Still, he says that he is “alway delivered unto death.” The “death” to which he speaks is not the cessation of physical existence. He referred to death to self (Romans 6:4-5; 12:1-2; Galatians 2:20; Colossians 3:3), death to sin (Romans 6:1-2; 8:10; 1 Peter 2:24), and death to the law (Galatians 2:19). Paul summed up his attitude toward his “suffering” like this, “For to me to live is Christ, and to die is gain” (Philippians 1:21). Paul dies “for Jesus’ sake.”

Verses 10 and 11 repeat the same ending phrase: “that the life also of Jesus might be made manifest in our body/mortal flesh” We “suffer” so that the “life of Jesus” in us may be apparent to the lost world around us.

(2 Corinthians 4:12-13)  So then death worketh in us, but life in you. We having the same spirit of faith, according as it is written, I believed, and therefore have I spoken; we also believe, and therefore speak (quoting Psalm 116:10).

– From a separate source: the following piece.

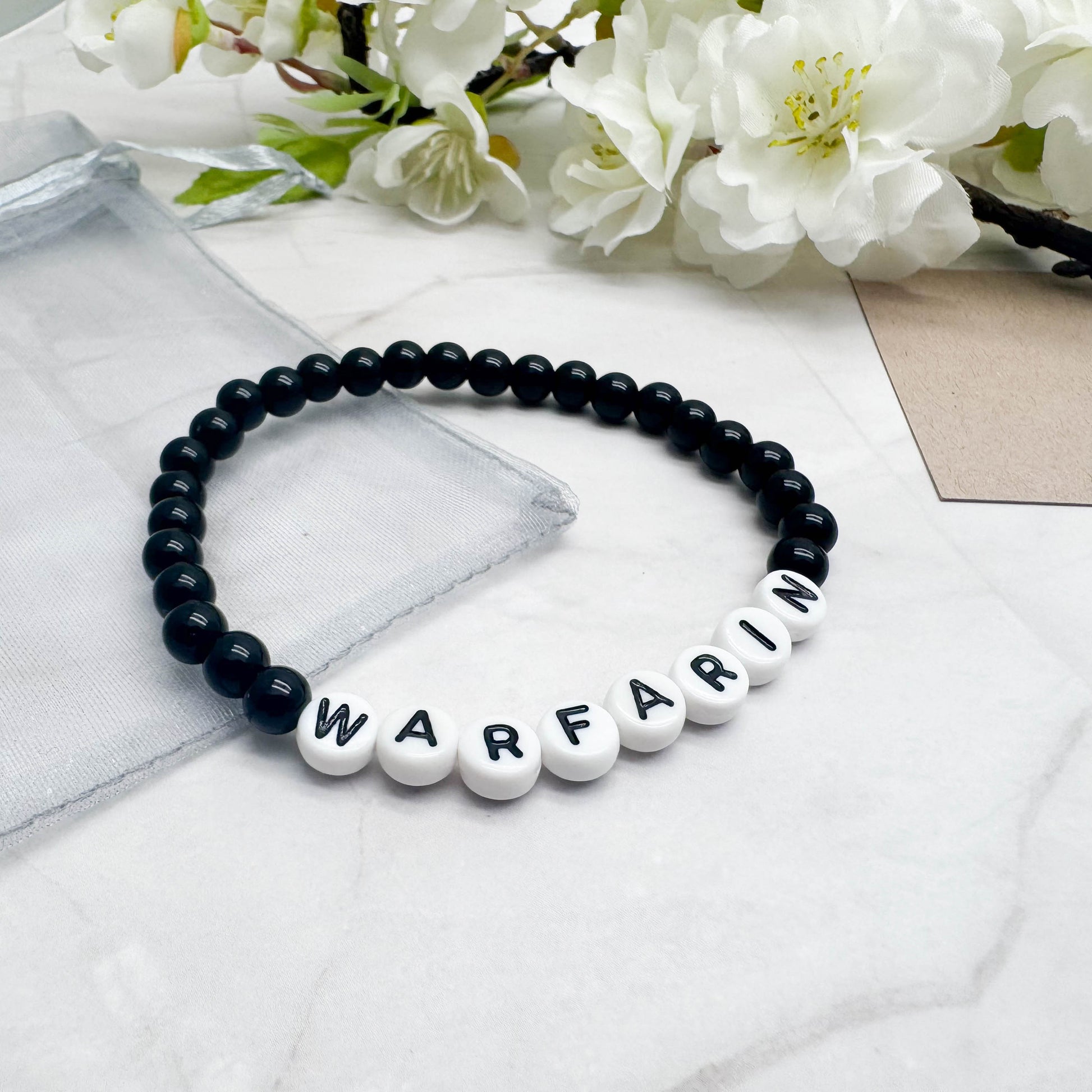 This Warfarin medical alert bracelet is made with 6mm acrylic beads and flat white acrylic letter beads measuring 7mm in diameter. The bracelet is threaded on strong elastic, allowing a small amount of stretch so it can be rolled gently onto the wrist. Lightweight, allergy-friendly, and comfortable, it is suitable for all-day wear.

By putting his life to “death,” Paul helps others to find “life.” One commentary put it like this: “The “death” of Christ manifested in the continual “perishing of our outward man” (2Co_4:16), works peculiarly in us, and is the means of working spiritual “life” in you. The life whereof we witness in our bodily dying, extends beyond ourselves, and is brought by our very dying to you.” (Jamieson, Fausset and Brown Commentary)

(2 Corinthians 4:14)  Knowing that he which raised up the Lord Jesus shall raise up us also by Jesus, and shall present us with you.

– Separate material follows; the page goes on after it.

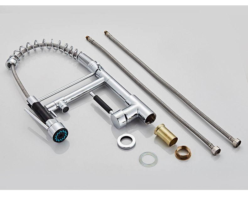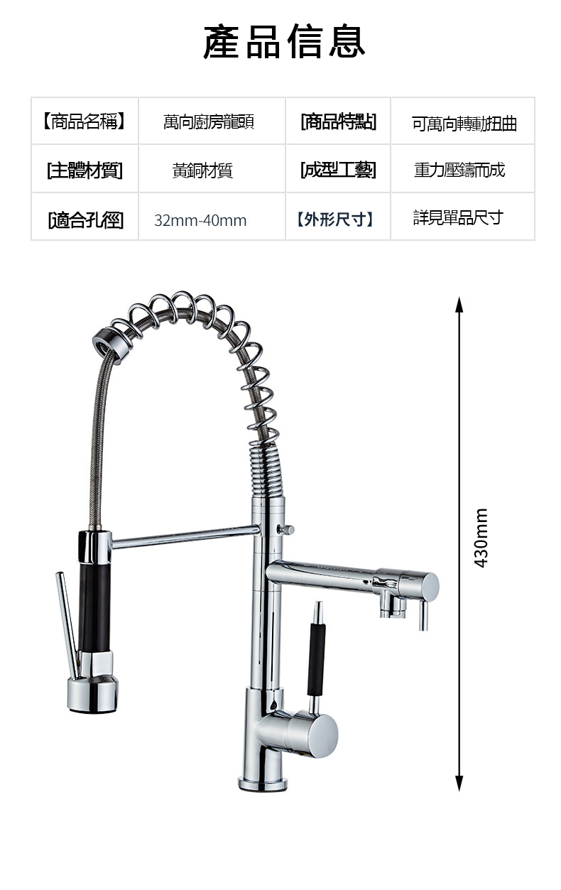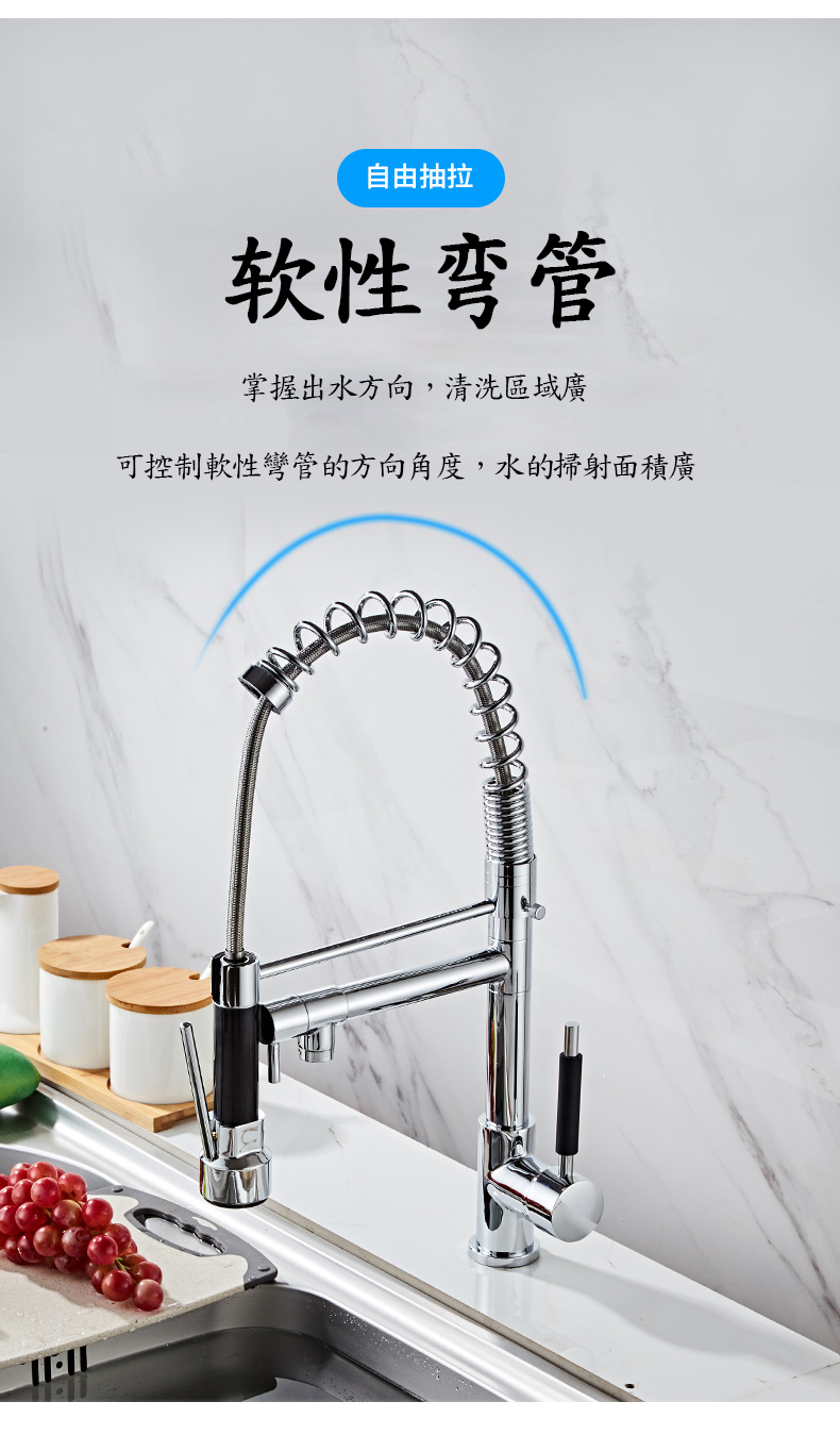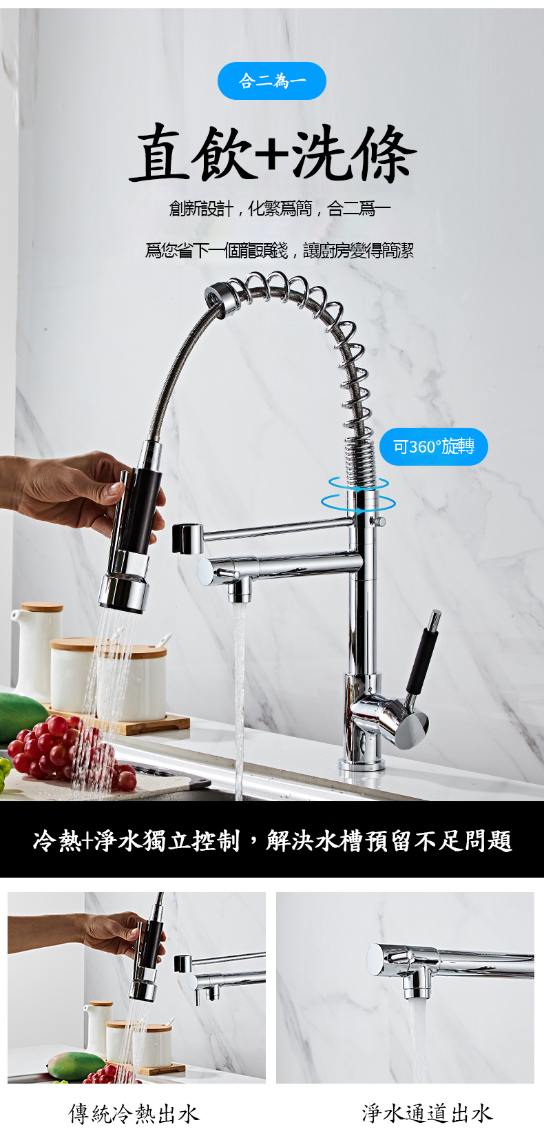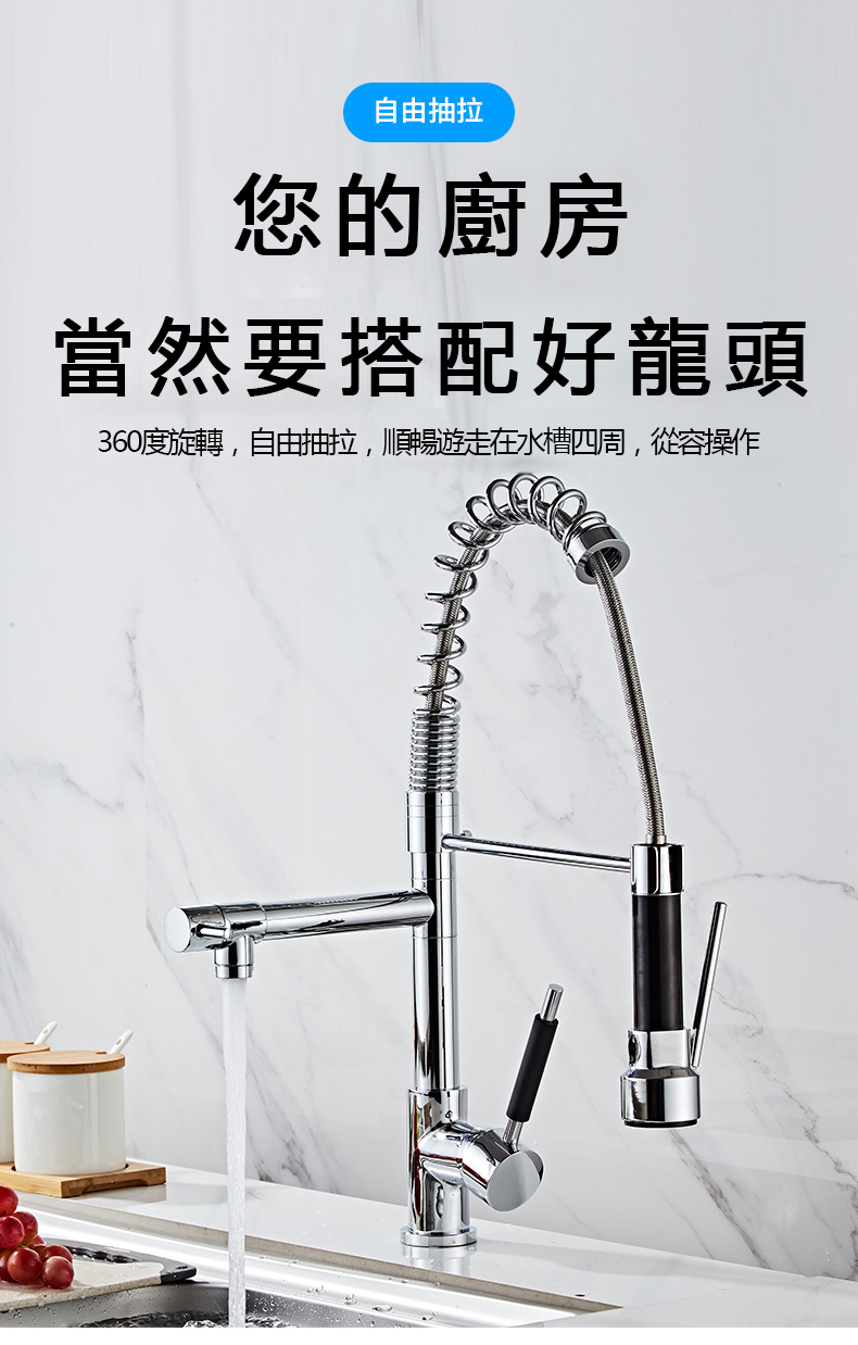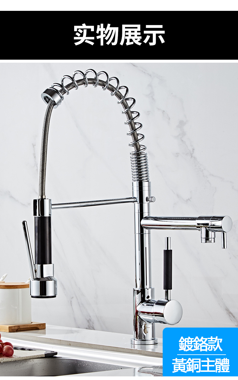 【小山THL】全銅高壓拉絲彈簧廚房水龍頭抽拉式冷熱水槽洗菜盆伸縮花灑

The One who raised up Jesus will do the same for us. Death is not the end. We have a hope beyond. We are joined to the “living” Christ. Paul is dead to the things of this world because he is joined to Christ. We should follow his example!

(2 Corinthians 4:15)  For all things are for your sakes, that the abundant grace might through the thanksgiving of many redound to the glory of God.

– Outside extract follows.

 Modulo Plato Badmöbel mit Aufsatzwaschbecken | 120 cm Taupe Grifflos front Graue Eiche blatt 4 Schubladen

Paul’s suffering is for the sake of the church; it is for their benefit – “for your sakes.” The Greek word translated “abundant” (πλεονάζω – pleonazō) means “to do, make or be more, that is, increase.” The word “grace” (χάρις – charis) is “that which affords joy, pleasure, delight, sweetness, charm, loveliness: grace of speech.” The result of this “abundant grace might through the thanksgiving of many “redound” (περισσεύω – perisseuō), that is, “to superabound (in quantity or quality), be in excess, be superfluous” “to the glory of God.”

(2 Corinthians 4:16)  For which cause we faint not; but though our outward man perish, yet the inward man is renewed day by day.

Through his “suffering,” Paul presses on – “we faint not.” Paul expresses this sentiment when he writes to the church in Philippi. “Brethren, I count not myself to have apprehended: but this one thing I do, forgetting those things which are behind, and reaching forth unto those things which are before, I press toward the mark for the prize of the high calling of God in Christ Jesus” (Philippians 3:13-14). Not dissuaded by his circumstances, Paul notes that “though the outward man, [i.e., the physical body] perish, the inward man [i.e., the spirit] is renewed” (through the power of Jesus Christ in us).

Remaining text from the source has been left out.